YOUR OBJECTIVE - Restate the records in full and exactly, with no images included.

(RECORDS begins)

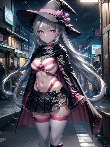 | トレーニングワード | long hair,hat,witch hat,purple eyes,cape,1girl,blush,solo,looking at viewer,skirt,thighhighs,large breasts,ribbon,navel,striped,belt,grey hair,detached sleeves,bow,cleavage,white hair,collar,hat bow,single thighhigh,black skirt,pleated skirt,black headwear,very long hair,miniskirt,beltbra,jewelry,black capehair between eyes,necklace,boots,City Backgroundコピーしました! |
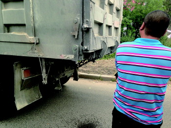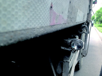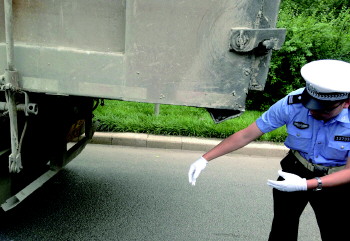 随后,民警又查处了多辆类似自卸货车,发现多数这种车辆的尾部防撞栏都安装不正确。在一辆自卸货车后斗尾部挡板处,记者发现挡板底部有明显撞击、磨损的痕迹。民警说,自卸货车在卸货时,后斗竖起,后斗尾部的挡板底部往往直接撞击地面,就会造成这些痕迹。如果自卸货车尾部安装了防撞栏,后斗就会无法完全竖起,不方便卸货,也就是因为这一点,不少自卸车不愿意正确安装尾部防撞栏。
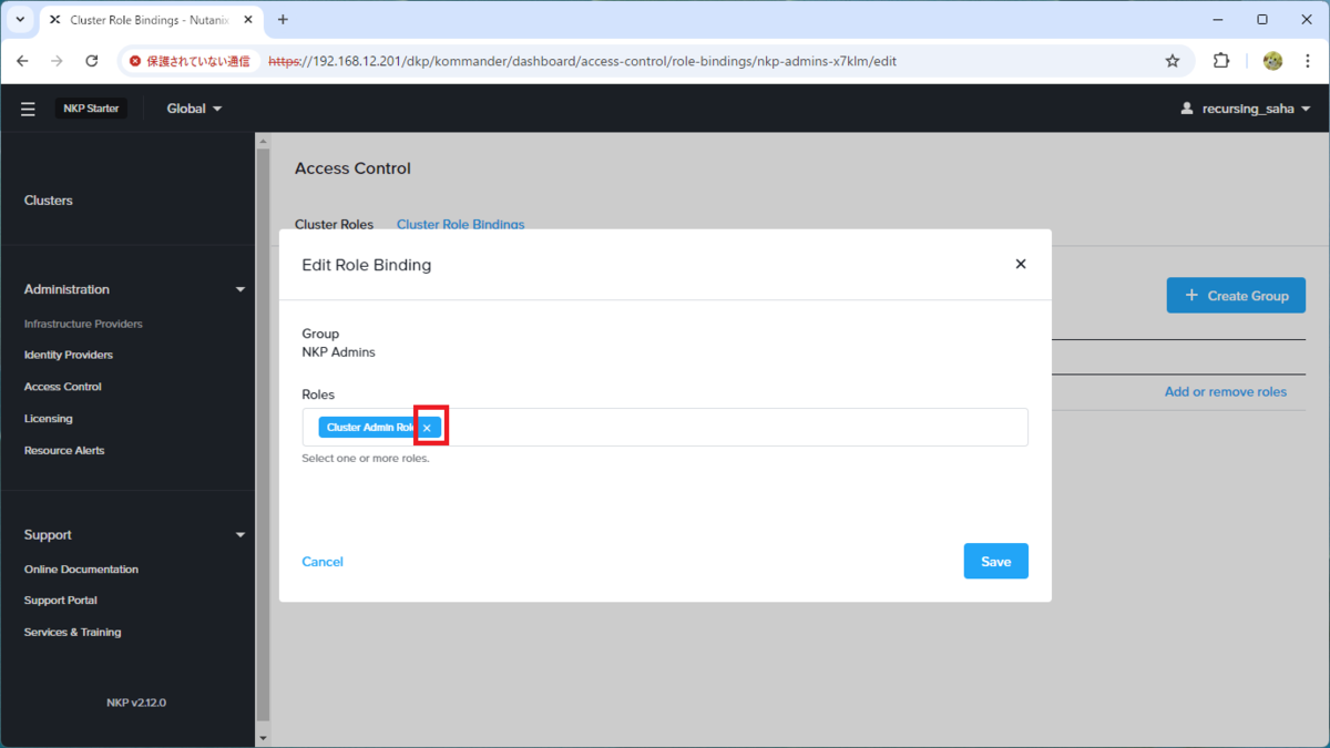 まず、NKP グループへのロール割り当て(Cluster Role Bindings)を削除します。ちなみに、先に NKP グループを削除しようとするとエラーになってしまいます。
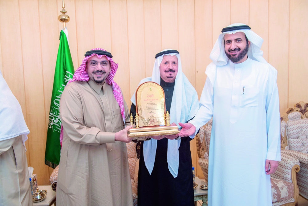 الأمير فيصل بن مشعل مكرما أحد المتبرعين بحضور الربيعة. «عكاظ»
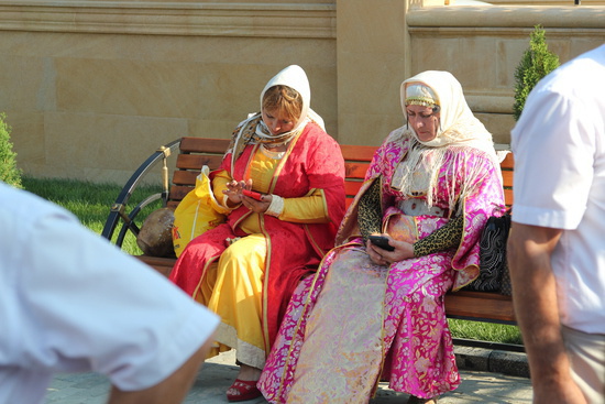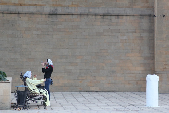 по дороге зашли в Джума-мечеть, старейшую в России (1300 лет). сфотографировать как-то не удалось, разве что этих прихорашивающихся посетительниц.
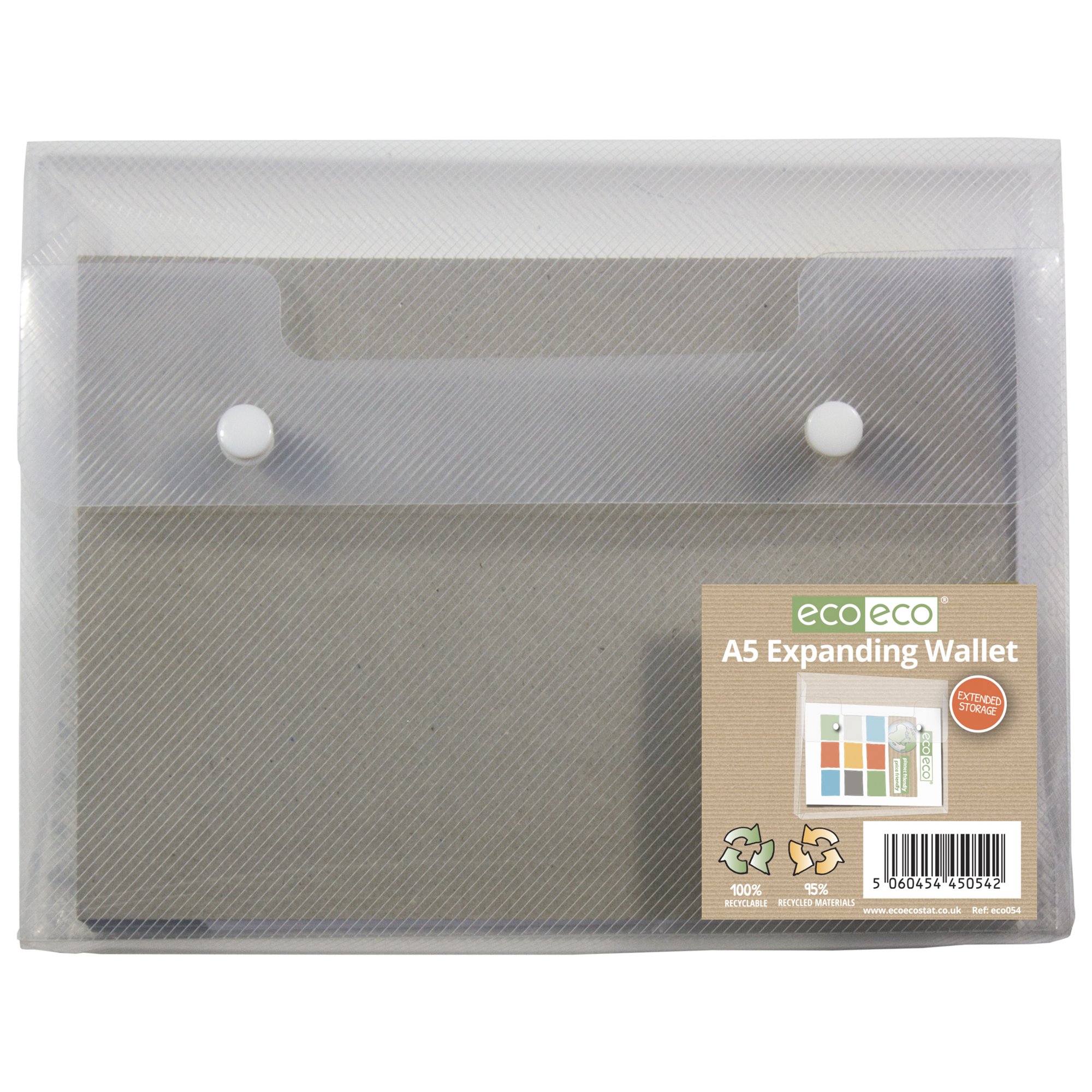 Eco Eco A5 95% Recycled Expanding 2 Stud Wallet – Single
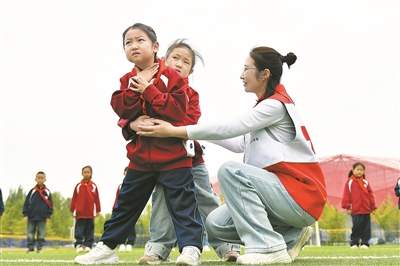 红十字志愿者在指导学生练习海姆立克急救法。(孙文潭摄) 图片来源:新华社
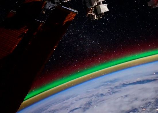 El halo naranja sobre la Tierra que se ve en las imágenes es el propio resplandor del planeta, que es prácticamente imperceptible desde su superficie, comenta el cosmonauta. Este fenómeno es el resultado de procesos en la atmósfera superior. La específica luz verde es el óvalo de las auroras boreales y se divisa a medida que la estación espacial se acerca a las latitudes polares.
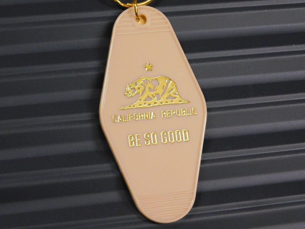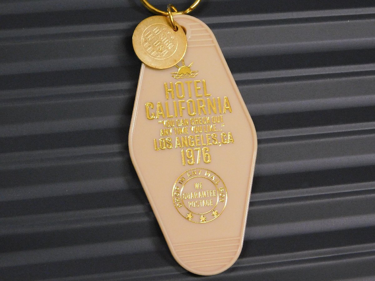 ◆送料\140◆【モーテルキーホルダー】※《HOTEL CALIFORNIA / クリーム×ゴールド》 カリフォルニア ホテル キータグ キーホルダー

(RECORDS ends)

REPLY TO THE TASK -
 | トレーニングワード | long hair,hat,witch hat,purple eyes,cape,1girl,blush,solo,looking at viewer,skirt,thighhighs,large breasts,ribbon,navel,striped,belt,grey hair,detached sleeves,bow,cleavage,white hair,collar,hat bow,single thighhigh,black skirt,pleated skirt,black headwear,very long hair,miniskirt,beltbra,jewelry,black capehair between eyes,necklace,boots,City Backgroundコピーしました! |
 随后,民警又查处了多辆类似自卸货车,发现多数这种车辆的尾部防撞栏都安装不正确。在一辆自卸货车后斗尾部挡板处,记者发现挡板底部有明显撞击、磨损的痕迹。民警说,自卸货车在卸货时,后斗竖起,后斗尾部的挡板底部往往直接撞击地面,就会造成这些痕迹。如果自卸货车尾部安装了防撞栏,后斗就会无法完全竖起,不方便卸货,也就是因为这一点,不少自卸车不愿意正确安装尾部防撞栏。
 まず、NKP グループへのロール割り当て(Cluster Role Bindings)を削除します。ちなみに、先に NKP グループを削除しようとするとエラーになってしまいます。
 الأمير فيصل بن مشعل مكرما أحد المتبرعين بحضور الربيعة. «عكاظ»
 по дороге зашли в Джума-мечеть, старейшую в России (1300 лет). сфотографировать как-то не удалось, разве что этих прихорашивающихся посетительниц.
 Eco Eco A5 95% Recycled Expanding 2 Stud Wallet – Single
 红十字志愿者在指导学生练习海姆立克急救法。(孙文潭摄) 图片来源:新华社
 El halo naranja sobre la Tierra que se ve en las imágenes es el propio resplandor del planeta, que es prácticamente imperceptible desde su superficie, comenta el cosmonauta. Este fenómeno es el resultado de procesos en la atmósfera superior. La específica luz verde es el óvalo de las auroras boreales y se divisa a medida que la estación espacial se acerca a las latitudes polares.
 ◆送料\140◆【モーテルキーホルダー】※《HOTEL CALIFORNIA / クリーム×ゴールド》 カリフォルニア ホテル キータグ キーホルダー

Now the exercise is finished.